Meclis, fedailerin saldırısının Saren kıtasından gelebilecek ikincil bir hamleye sebep olup olmayacağını tartışırken, Shaumrin'den bir gemi ile gelen haberler sayesinde herkes rahat bir nefes aldı. Escova şehri ile sempatik ilişkisini her zaman sürdürmeyi tercih eden Shaumrin Hükümdarı Sul'dra, kendi topraklarında saklanan ve kontrol edilemeyen acımasız bir katil grubunun sebep olduğu korkunç sonuçlardan dolayı duyduğu üzüntüyü dile getirdiği bir mektup yazmıştı. Mektupta öncelikle Meclis'i saygıyla selamlayarak yeni görevlerinde başarılar dilemiş, I. Amarus ve ailesinin başına gelen korkunç olaylardan dolayı duyduğu kederi dile getirmişti.
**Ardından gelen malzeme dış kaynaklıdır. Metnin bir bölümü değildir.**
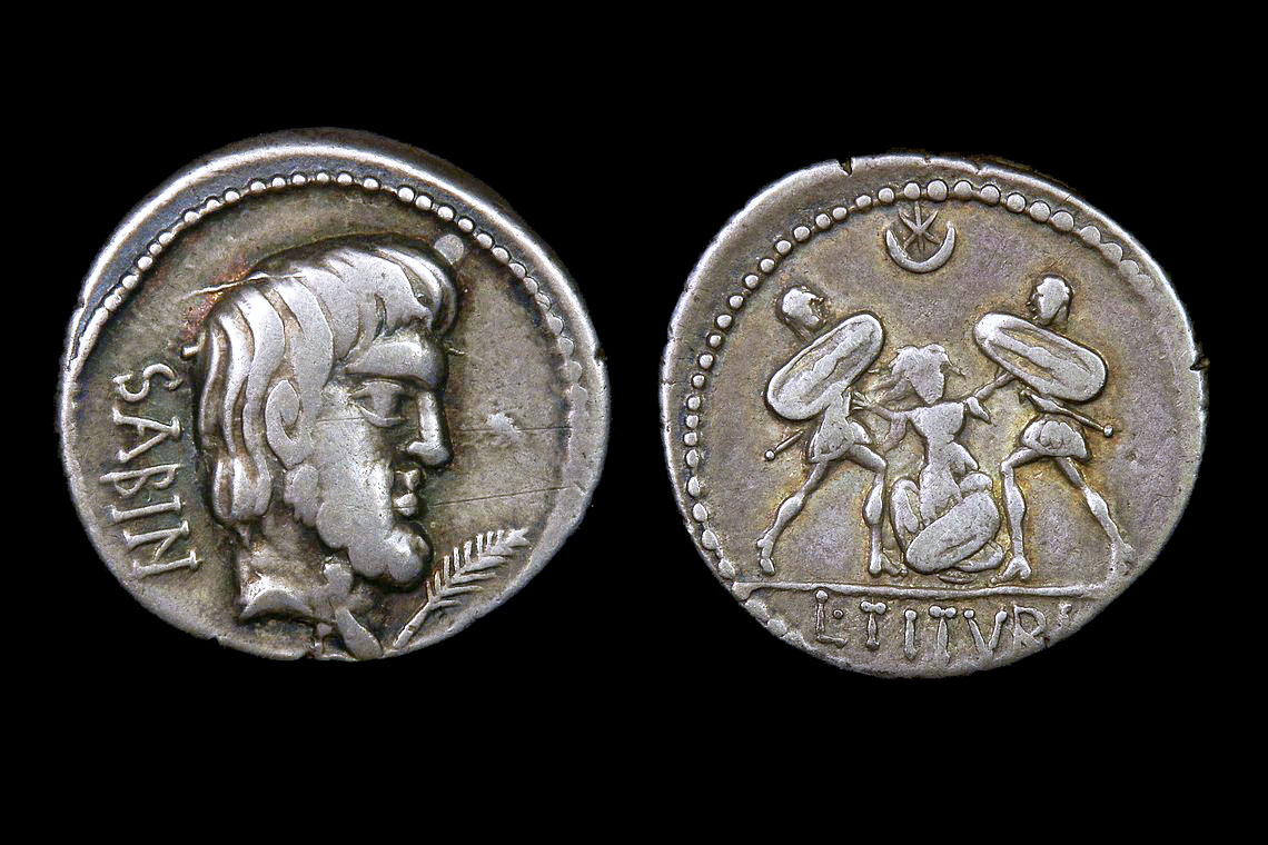 Cool piece. I had to have one when I first saw it. Cost was a trade but worth it to me. L. Titurius L.f. Sabinus. (89 B.C.) AR Denarius O: Bare head of King Tatius right, SABIN downward behind, TA in monogram before; R: Two Roman soldiers running left, each bearing a Sabine woman in his arms, L·TITVRI in ex. Rome 19mm 3.87g Crawford 344/1a,RSC I Tituria 2, Sydenham 698a, SRCV I 249
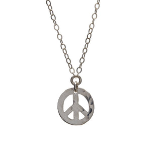 Promote peace in the Peace Sign Necklace. Its daintiness is perfect for everyday wear – layered or solo. Hand-forged in 14k Gold Filled or Sterling Silver. Each charm is delicately hammered for a textured finish. 1/2in peace sign charm on cable chain.
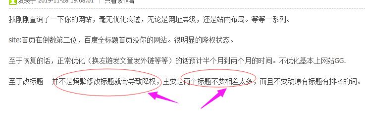 有網(wǎng)友發(fā)帖問(wèn):網(wǎng)站標(biāo)題修改之后,排名直接找不到了,問(wèn)怎么樣恢復(fù)。于是我們看到一些回復(fù),有一個(gè)是這樣回復(fù)的,相對(duì)比較全面一些:
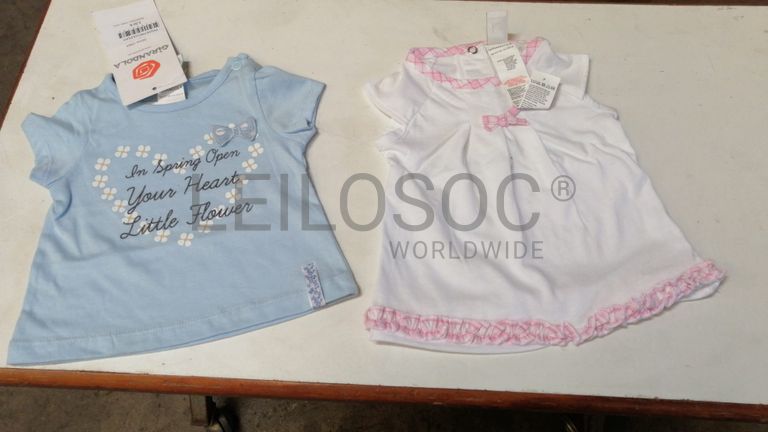 Lote de roupa diversa de bebé até 3 meses, da marca Girandola, com aproximadamente 5.000 peças, composto por calças, polos, malhas, gorros, t shirts, sweats, babygrows.
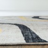 Elevate your living space with this resilient and stylish modern abstract striped rug. Perfect for high-traffic areas, it's also pet-friendly and machine washable for added convenience. This rug is remarkably easy to clean, featuring a low 0.2” looped nylon pile that traps less dirt and offers high resistance to wear. Additionally, the non-skid backing eliminates the need for a rug pad, ensuring safety on all types of floors.
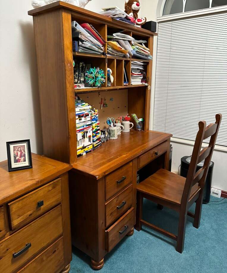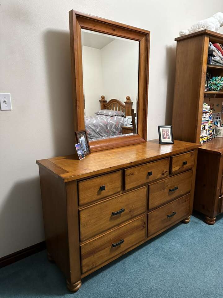This is a twin bedroom set with a dresser, desk, chair, nightstand, and a bed
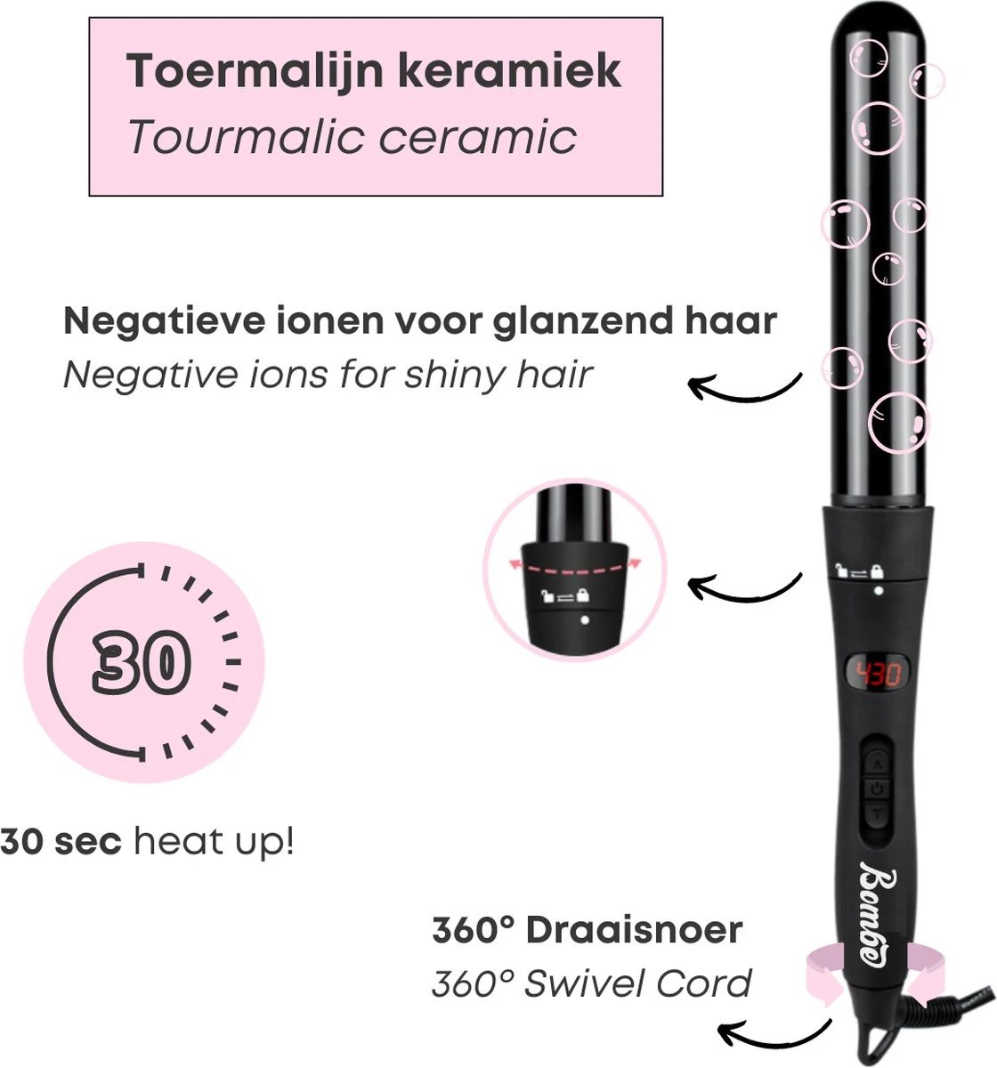 Welke haarstijl wil jij vandaag? Verwissel eenvoudig de opzetstukken en kies voor de look die past bij deze dag. Heb je een feestje, vergadering of wil je er gewoon altijd goed uit zien, met de 3-in-1 krultang van Bombé creëer je een look die past bij elke gelegenheid.

Shaumrin Hükümdarı bu mektubu, bir gemiye bindirdiği ve Meclis'e hizmet etmeleri için görevlendirdiği yüz tane seçilmiş asker ile Escova'ya göndermişti. Sul'dra, bu nacizane yardımının bir özür olarak kabul edilmesini istiyor ve Saren kıtasından başka bir saldırı yapılmayacağını garanti ediyordu. Meclis bu yardımı kabul etti ve iç tehditlerden derhal kurtulabilmek için çalışmalarını hızlandırdı. Ama Kızıl Pelerinlilerin de çabalarına rağmen bunu yapmak mümkün olmadı.



Kızıl Hançer Savaşı
"Kızıl Hançer Savaşı", 892 yılında Escova surları içerisinde patlak verdi. Şehrin caddeleri savaş alanına döndü, kadınlar, çocuklar ve yaşlılar bile bundan kaçamadılar. Caddelerden akan ve kavşaklarda karşılaşıp savaşan insanlar, yatağında gürleyerek akan ve kayalara çarpan nehirler gibiydiler. Bu büyük isyan, Shaumrin'in seçilmiş askerlerinin ve Kızıl Pelerinlilerin çabalarına rağmen kolay kolay bastırılamadı. Birkaç hafta sürmüş olan hararetli eylemlerden sonra yaralı ve yorgun düşmüş olan Kızıl Hançer kendi köşesine çekildiğinde, Escova şehri mahvolmuş durumdaydı. Zarar görmemiş ve yağmalanmamış tek bir hane bile kalmamıştı. Kızıl Hançer'in saldırgan eylemleri yedi yıl boyunca devam etti, ama bu artçı eylemler ilki kadar etkili olamadılar. Kızıl Hançer'in liderleri 899 yılında ele geçirilerek zindana atıldı ve tarihten böylece silindiler.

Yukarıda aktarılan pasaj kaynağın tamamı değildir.